RBI Holds Rates as 8.2% GDP Growth Clouds December Cut Prospects
RBI Holds Rates Amid Strong GDP Growth, Low Inflation

The Reserve Bank of India's Monetary Policy Committee is poised to maintain the current policy rate when it announces its decision on December 5, according to a Mint survey of economists. This comes despite inflation hitting historic lows, creating a complex economic scenario that has divided expert opinion.

Economists Divided on Rate Decision

A detailed poll of 13 economists reveals that nine expect the RBI to pause rates, while four anticipate a 25 basis points reduction to 5.25%. This narrow division underscores the delicate balance the central bank must strike in its upcoming policy announcement.

The disagreement among economists reflects India's unique macroeconomic position, where multiple factors are converging simultaneously. The economy is experiencing record-low inflation, surprisingly robust real GDP growth, weakening nominal GDP expansion, and emerging external sector risks.

Strong GDP Growth Complicates Rate Cut Argument

The Indian economy delivered a stunning performance in the September quarter, posting growth of 8.2% - the highest in six quarters. This figure significantly exceeded the RBI's projection of 7% and the median estimate of 7.2% from a separate Mint survey of 15 economists.

Anubhuti Sahay, Head of India Economic Research at Standard Chartered Bank, emphasized that strong GDP growth combined with already deployed fiscal and monetary stimulus makes a rate pause likely. She noted that the ample liquidity in the system provides more effective monetary policy transmission than an immediate rate cut would achieve.

Aditi Nayar, Chief Economist at ICRA, pointed to the record-low October CPI inflation of 0.25% but stated that the unexpectedly strong Q2 growth above 8% makes a December rate cut improbable. Bank of Baroda's Chief Economist Madan Sabnavis was even more definitive, suggesting that with growth remaining robust and inflation expected to rise toward 4-4.5% next year, the rate cycle has likely concluded.

Inflation and Liquidity Considerations

Retail inflation plunged to an unprecedented low of 0.25% in October, driven by food deflation, GST reductions, and supportive base effects. For FY26, CPI inflation is tracking at 2.0%, well below the RBI's estimate of 2.6%.

Liquidity constraints and banking system stability are central to the argument for maintaining current rates. Mandar Pitale, Head of Financial Markets at SBM Bank India, warned that a policy rate reduction might accelerate the shift of resources away from banks into equities and mutual funds, potentially worsening the credit-deposit imbalance.

With credit-deposit ratios already near historic highs, the RBI appears inclined to preserve liquidity buffers rather than push lending rates lower through formal rate cuts. Economists at ICICI Bank and IDFC First Bank also see limited need for additional easing, citing strong domestic consumption and deposit mobilization constraints.
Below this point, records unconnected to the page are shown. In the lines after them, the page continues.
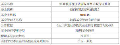 中国经济网北京4月16日讯 今日,浙商基金公告,浙商智选新兴产业混合、浙商智选经济动能混合增聘钦振浩。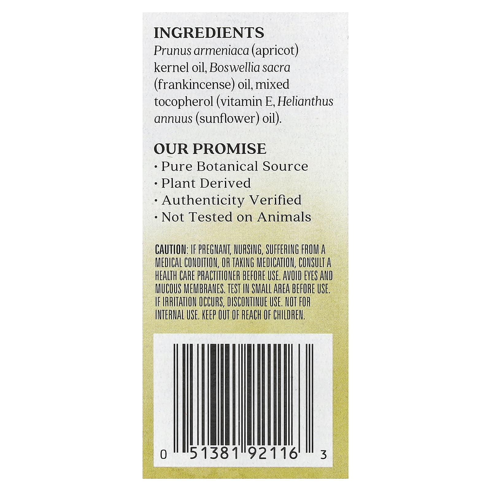 Óleo da semente de Prunus armeniaca (damasco), óleo de boswellia sacra (olíbano), tocoferol (vitamina E)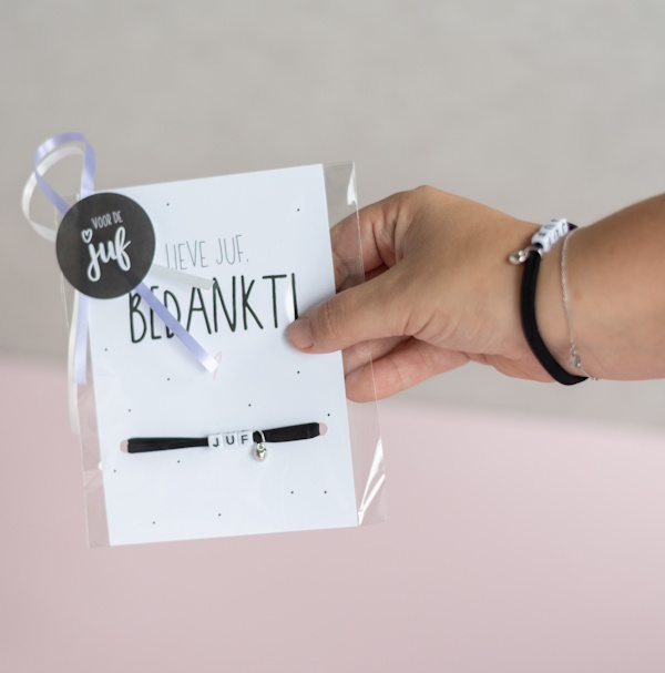 Wil je de juf laten weten hoe dankbaar je bent? Met dit juf armbandje op een zwart bandje geef je een stijlvol en persoonlijk cadeau. Simpel, mooi en altijd passend – of het nu voor juffendag, het einde van het schooljaar of kerst is.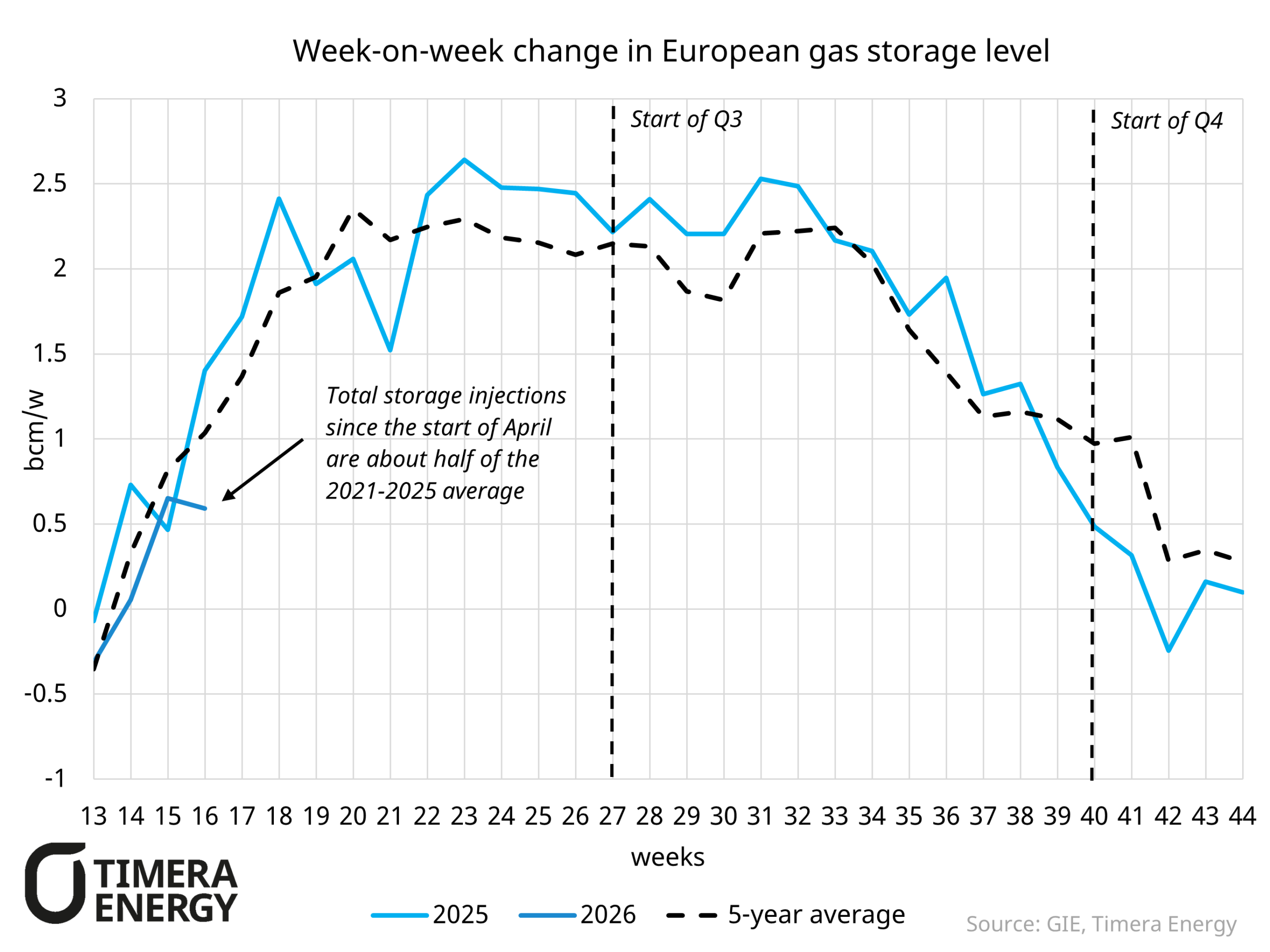 Europe left winter with storage levels just 28% full, near the bottom of the five-year range, and thus an above average injection rate will be critical to meet the EU’s mandated storage fill levels.

External Risks and Trade Concerns

A significant factor driving caution is the deterioration in India's goods trade deficit, which widened sharply to a record $41.7 billion in October. This represents the second month following tariff escalation measures.
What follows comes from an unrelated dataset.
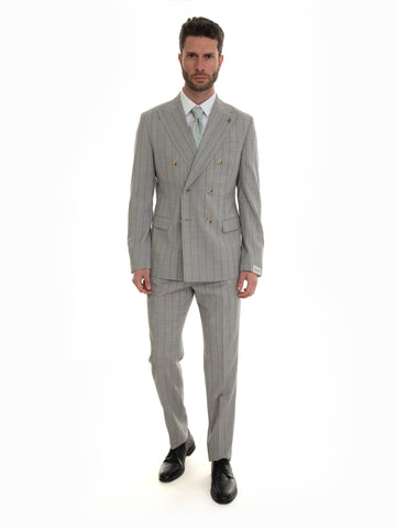 2-button men's suit, double-breasted, pinstriped pattern, classic trousers, pleats on the front, 17 cm hem,...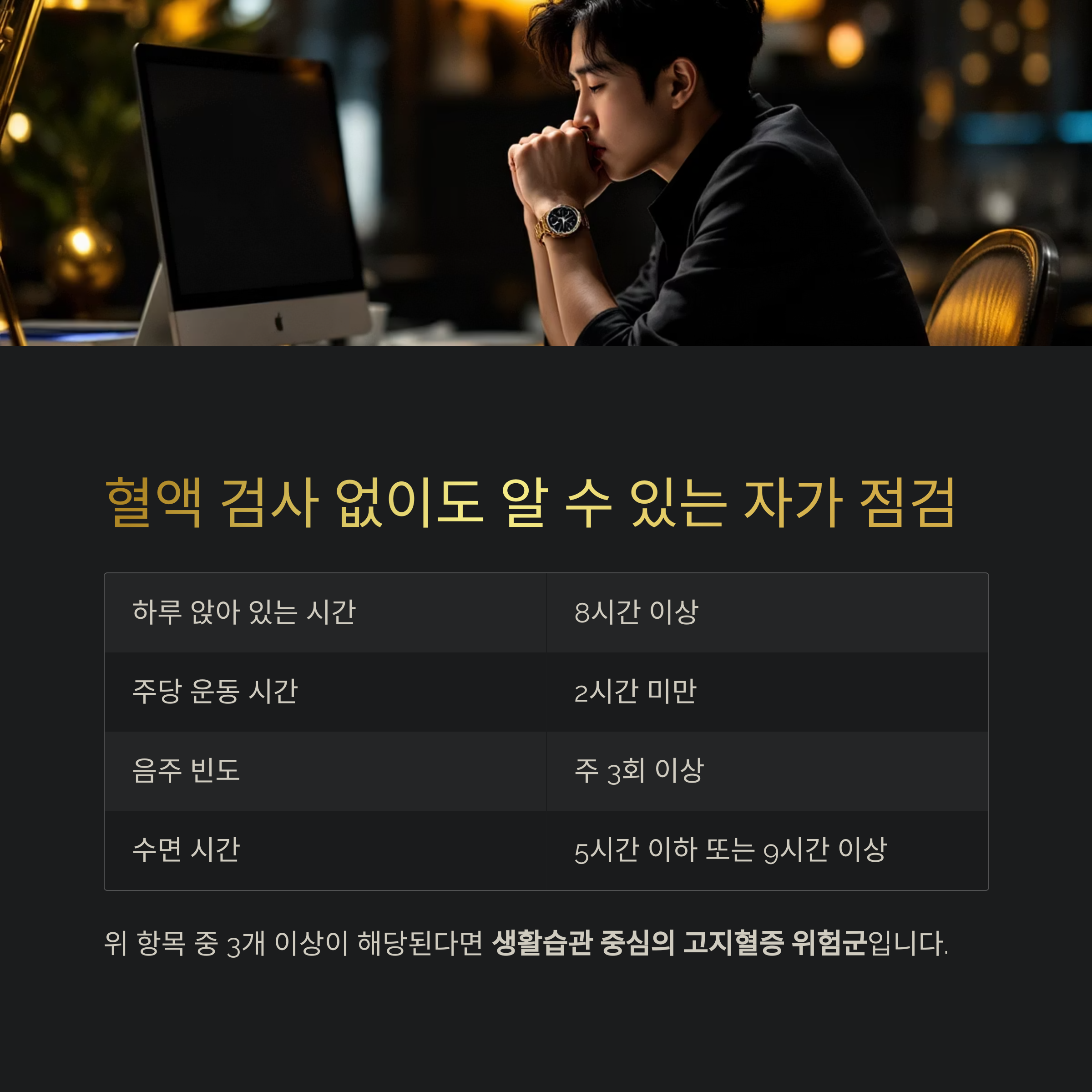 고위험군을 구분할 수 있는 생활 습관 지표를 안내드립니다.

Pitale of SBM Bank suggested that the RBI might avoid cutting rates to attract interest-rate-sensitive flows and safeguard the balance of payments. Yes Bank added that with consumption becoming the primary growth engine and government capital expenditure likely to moderate, the sustainability of domestic demand remains uncertain.

Meanwhile, nominal GDP growth has been subdued at 8.7%, weighing on tax collections and limiting fiscal support in the second half of FY26.

The Case for Rate Cuts Persists

Despite the strong arguments for maintaining rates, four economists in the survey continue to expect a 25 basis points cut. Nomura has assigned a 65% probability to this scenario, arguing that inflation is likely to undershoot the RBI's medium-term forecasts while the forward growth outlook shows moderation.

Nomura's report from November 28 emphasized that consistency in communication calls for delivering a cut rather than repeatedly promising future action. This perspective gained some support from RBI Governor Sanjay Malhotra's recent comments suggesting scope for further rate reductions.

Deutsche Bank also expects a 25 basis points cut, noting that CPI inflation has fallen below the lower bound of the RBI's 2-6% target range. The US Federal Reserve has continued easing monetary policy, cutting another 50 basis points this year, which maintains comfortable global rate differentials even with an additional RBI cut.

The central bank has maintained rates steady since August, following total cuts of 100 basis points in the first half of this year. With monetary transmission of earlier cuts nearly complete, Deutsche Bank views an incremental 25 basis points reduction as part of the broader easing cycle rather than a standalone adjustment.

The RBI's decision will ultimately reflect its assessment of whether strong growth momentum outweighs the compelling case presented by record-low inflation, with significant implications for India's economic trajectory in the coming months.